Will the racial rainbow of students heading to class at America's most selective colleges wash out in years to come? Can diversity flourish at such schools even if they are barred from putting a thumb on the admissions scale to favor minorities?
Such questions are at the heart of unusual back-to-back hearings that had been scheduled for today in the US Court of Appeals for the Sixth Circuit in Detroit. The hearing was postponed until Dec. 6 to allow all nine judges of the court to hear arguments in two lawsuits attacking race-conscious admissions policies at the University of Michigan at Ann Arbor. Either case could one day be heard by the United States Supreme Court, and legal experts say they may profoundly affect the lives of more than 14 million college students.

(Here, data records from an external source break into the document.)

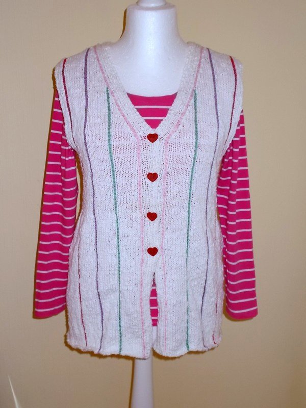Hier bekommst du eine Strickanleitung für eine weiße (unifarbene) Weste mit eingestrickten und farbigen vertikalen Streifen, die aus weißer Bouclé-Baumwolle gestrickt ist. Die hier angegebenen Maße beziehen sich auf die Größe 40/42, können aber von erfahrenen Strickerinnen leicht abgewandelt werden.
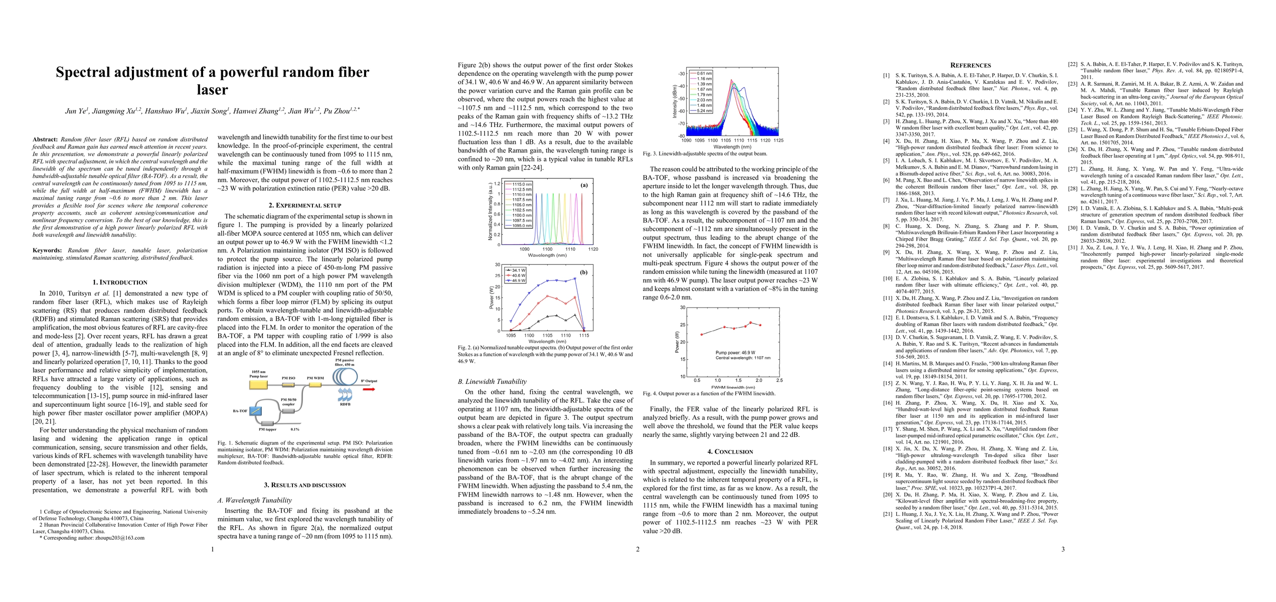This paper presents a powerful, linearly polarized random fiber laser with independent spectral adjustment capabilities, enabling continuous tuning of the central wavelength and linewidth via a tunable optical filter. This innovation provides a versatile tool for applications requiring temporal coherence, such as sensing and communication.
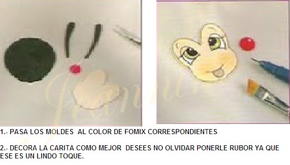 2. Pega el foami termoformado sobre foami plano del mismo color y rellena antes de cerrar. Para la cara, matiza las chapitas con gis y pinta los ojos con las pinturas acrílicas. Pega el pompón en el centro de la cara para simular la nariz.
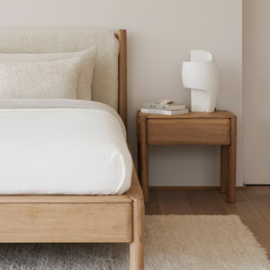 The PI Bedside Table in Oak celebrates the natural beauty of solid wood with its organic curves and smooth, hand-finished surface. With a discreet drawer and softly elevated profile, it is a versatile piece that blends seamlessly into any space, bringing warmth, balance and effortless style to your bedroom.
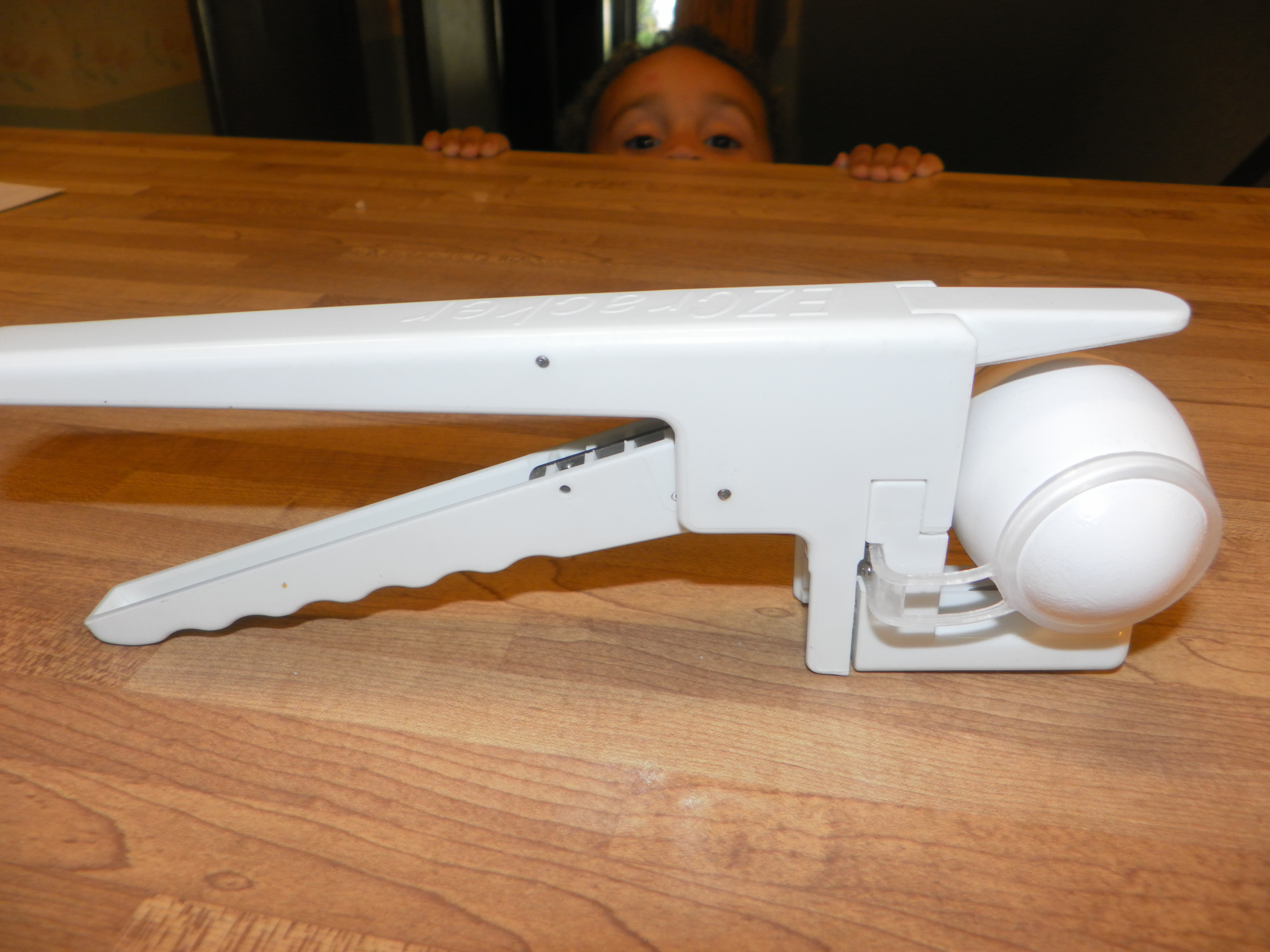 My egg cracker for the specially challenged with Big Man's best Kilroy impression in the background.
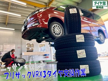 こんにちはタイヤ館那珂店です☆ 本日ご紹介させて頂く作業は、ご予約頂いておりましたセレナにブリザックスタッドレスタイヤの取付作業を行いました♪ 交換しましたスタッドレスタイヤは、信頼と実績のブリザックVRX3になります☆彡 前モデルVRX2より氷上ブレーキ20%向上、摩耗ライフ17%...
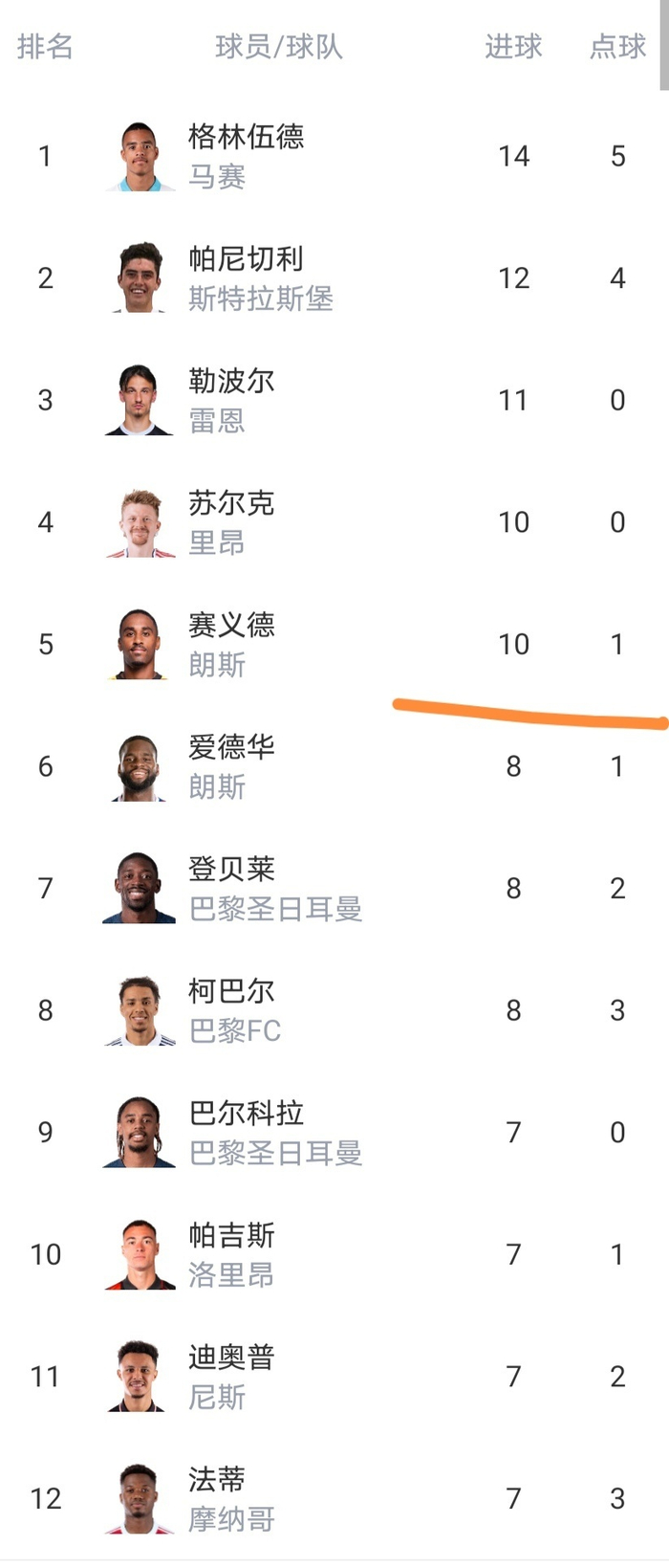 射手榜5人进球上双,格林伍德2球优势领跑。
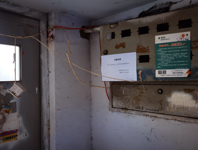 在1號樓3單元東側的通道邊,由6樓垂下的電線被放在了一樓的窗口,3單元樓洞內的墻壁上則固定著一個插線板,地上也有充電線沒有被清理。
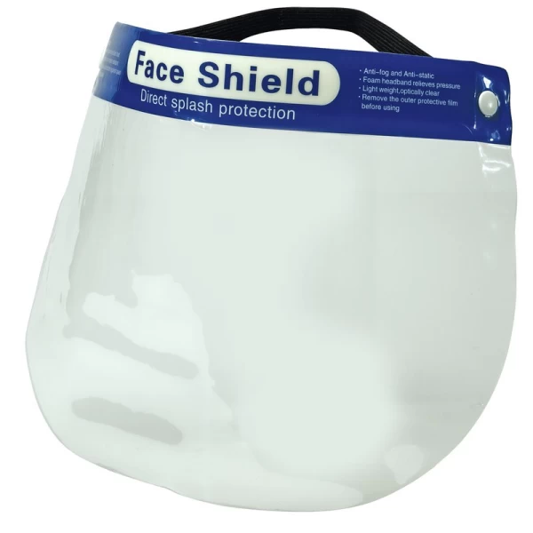 Lightweight face shield designed to protect the face from splashing and spraying of infectious or hazardous substances. Manufactured from PET materials offering maximum visibility. The foam headband and soft elastic strap help ensure all-day comfort.
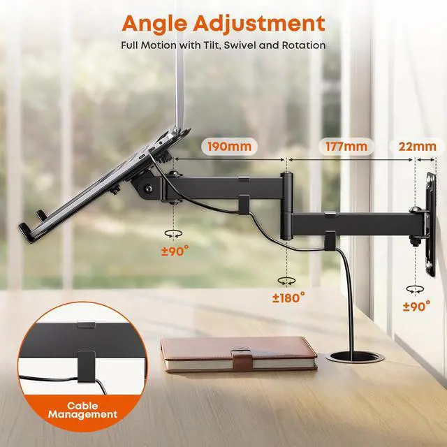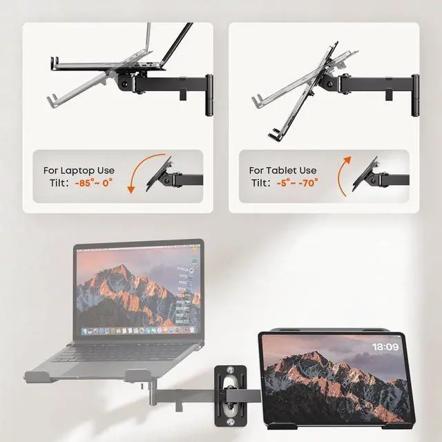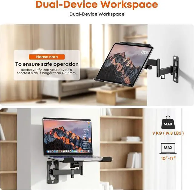 2-in-1 Versatile Laptop Holder: Designed to fits 10-15" laptops and screens up to 32", securely holding devices weighing 4.419.8 lbs. Features universal VESA compatibility (75×75/100×100 mm). No included monitor screwsuse your own for screen mounting

This is a critical juncture: The university is pulling out all the stops in what some describe as a last-ditch legal "Alamo" for race-conscious admissions in higher education - the last, best defense of that approach.
But the issue is hardly new. Race-conscious admissions in college, tenuously supported by the Supreme Court's landmark 1978 decision in Regents of the University of California v. Bakke, has been under heavy legal attack for a decade.
Several universities have tried and failed to defend race-based admissions policies. The University of Georgia was rebuked by the 11th Circuit Court of Appeals this summer for its affirmative action policy. Some polls have shown that a majority of Americans are against using race as a factor in college admissions.
Barbara Grutter and Jennifer Gratz are two of those opponents. A professional woman and mother, Mrs. Grutter applied to attend the University of Michigan School of Law in the mid-1990s, but was denied. About the same time, Ms. Gratz applied to attend the University of Michigan as a freshman - and was also denied.
They didn't know each other, but both soon discovered that minority students had been admitted whose grades and test scores were not as good as their own. They filed reverse-discrimination lawsuits.
Last year a federal judge ruled against Gratz and in favor of Michigan's undergraduate admissions policy. This year, however, another federal judge found in favor of Grutter and against the law school's admissions policy.
Lawyers for both will argue that the women were denied admittance simply because the university illegally played favorites on the basis of race.
The University of Michigan enters the arena with a measure of confidence, though. The school has been preparing for this day for years - mounting an enormous and expensive legal defense. The fundamental legal issue in both cases is whether educational goals justify the use of race-conscious admissions, the school's legal experts say.
At least 80 organizations have joined to file 32 friend-of-the-court briefs in favor of the university's policy. In addition, General Motors and at least 30 other Fortune 500 corporations have allied themselves with the school. "We've been fighting these cases since 1997, and we've had the benefit of the leadership and resources to allow for this issue to be decided in light of comprehensive expert testimony," says Liz Barry, the university's deputy general counsel. "We've put together careful, factual, and statistical analyses to lay the educational foundation for race-conscious admission."
University lawyers are unlikely to argue that the school did not discriminate, observers say. Rather, they will probably contend that racial and ethnic diversity on campus is so important to American higher education that it is a "compelling governmental interest."
If the judges agree, then the schools' discrimination was legally permissible, albeit only in a form "narrowly tailored" to accomplish the goal, legal experts say. But the ramifications if the court finds instead for the plaintiffs could be profound.
"Nearly every selective college and university employs race-conscious admissions," Ms. Barry says. Any ruling that denies that diversity is a compelling interest for race-based admissions "would apply to both public and private universities, and would be devastating."
The outcome of such a ruling might parallel those at selective schools in states with prior negative rulings - Florida, Texas, California - "where only token numbers of minority students now attend," she says.
Curt Levey agrees the decision will be important. As director of legal affairs at the Center for Individual Rights in Washington, a conservative public-interest law firm representing Grutter, he thinks the case could have wide ramifications for higher education.
"The University of Michigan has chosen to fight these cases much harder and in a more public and expensive way" than other schools have, he says. "If they fail here, it will be seen as a bigger defeat."
To Saul Green, it's an open-and-shut case. His admission to the Michigan law school in the late 1960s was a personal landmark. It shows how important such polices are for minorities, the lawyer wrote in the Detroit Free Press last week.
"I am certain my admission to the law school reflected its affirmative action program," he wrote. "Race does and will matter until all things are truly equal - not only in higher education, but in all spheres of our nation."